Norges Bank Investment Management and Axa Real Estate, a unit of Europe’s second-largest insurer, will supply individual senior loans as large as 600 million euros ($814 million) mainly in the U.K., France and Germany, Axa Real Estate said in a statement today.
The amount of property debt maturing in Europe through 2014 exceeds available funding by $50 billion after banks cut lending in the financial crisis, broker DTZ said in a June report. The shortage creates wider profit margins, attracting insurers, debt funds and sovereign-wealth funds.
“We have the capability to maintain attractive margins here,” Isabelle Scemama, global head of real assets finance at Axa Real Estate, said in an interview. “We will continue to be selective and try not to compete with the German banks that are more aggressive.”
Axa and Norges Bank will focus on providing new loans and will also consider buying existing loan books, Scemama said. “The new difference will come from the fact that we have new capacity to lend very big amounts on a deal by deal basis,” she said.
Insurers, pension providers and national funds are investing in real estate, seeking margins that beat 10-year government bonds. More than 50 lenders, including debt funds, started offering commercial property credit in the U.K. in the year through May, mainly for the best properties in London, according to broker Savills Plc.
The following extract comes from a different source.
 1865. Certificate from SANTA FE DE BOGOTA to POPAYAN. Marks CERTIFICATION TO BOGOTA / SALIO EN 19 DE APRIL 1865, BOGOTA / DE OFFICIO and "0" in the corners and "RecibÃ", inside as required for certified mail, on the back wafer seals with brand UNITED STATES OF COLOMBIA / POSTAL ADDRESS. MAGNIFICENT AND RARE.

Most lenders in Europe will only take on loans of more than 100 million euros as part of a syndicate, said Nigel Almond of DTZ, who researches the debt funding gap in Europe. Dealing with just one lender might be more attractive to borrowers seeking large loans, he said.
“You haven’t got conflicts between the different lenders over the terms and everything, so it does make it that much easier,” Almond said by telephone. “There’s not that many deals being done at that level at the moment, but the markets are starting to pick up and we’re seeing improved liquidity.”
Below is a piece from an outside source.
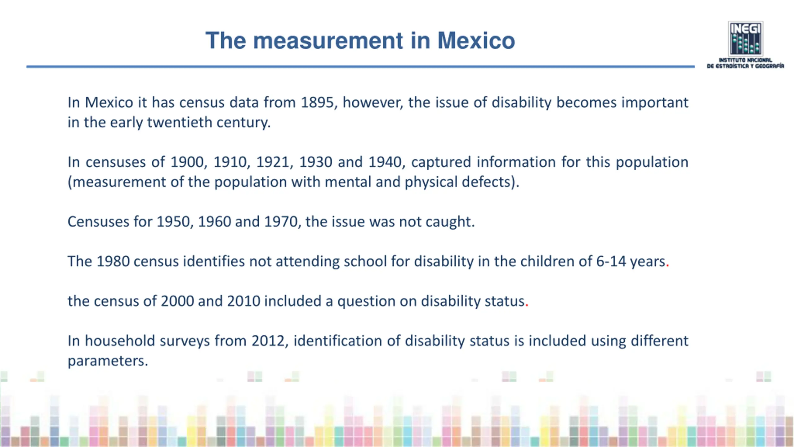 The measurement in Mexico In Mexico it has census data from 1895, however, the issue of disability becomes important in the early twentieth century. In censuses of 1900, 1910, 1921, 1930 and 1940, captured information for this population (measurement of the population with mental and physical defects). Censuses for 1950, 1960 and 1970, the issue was not caught. The 1980 census identifies not attending school for disability in the children of 6-14 years. the census of 2000 and 2010 included a question on disability status. In household surveys from 2012, identification of disability status is included using different parameters.

Banks and other lenders cut their commercial real estate lending in Europe after the 2008 financial crisis as they repaired balance sheets damaged by losses and tried to meet new regulatory requirements.
Norway’s $780 billion sovereign-wealth fund is seeking to increase the proportion of its holdings in real estate to about 5 percent and has bought stakes in European warehouses, the Times Square Tower in New York and the Meadowhall Centre in northern England in just over a year.
“The approach to this real estate debt program is similar to the fund’s existing real estate investment strategy,” Norges Bank said in a separate statement. It will allow the fund to “invest alongside an experienced team with balance sheet capacity and long-term investment horizon.”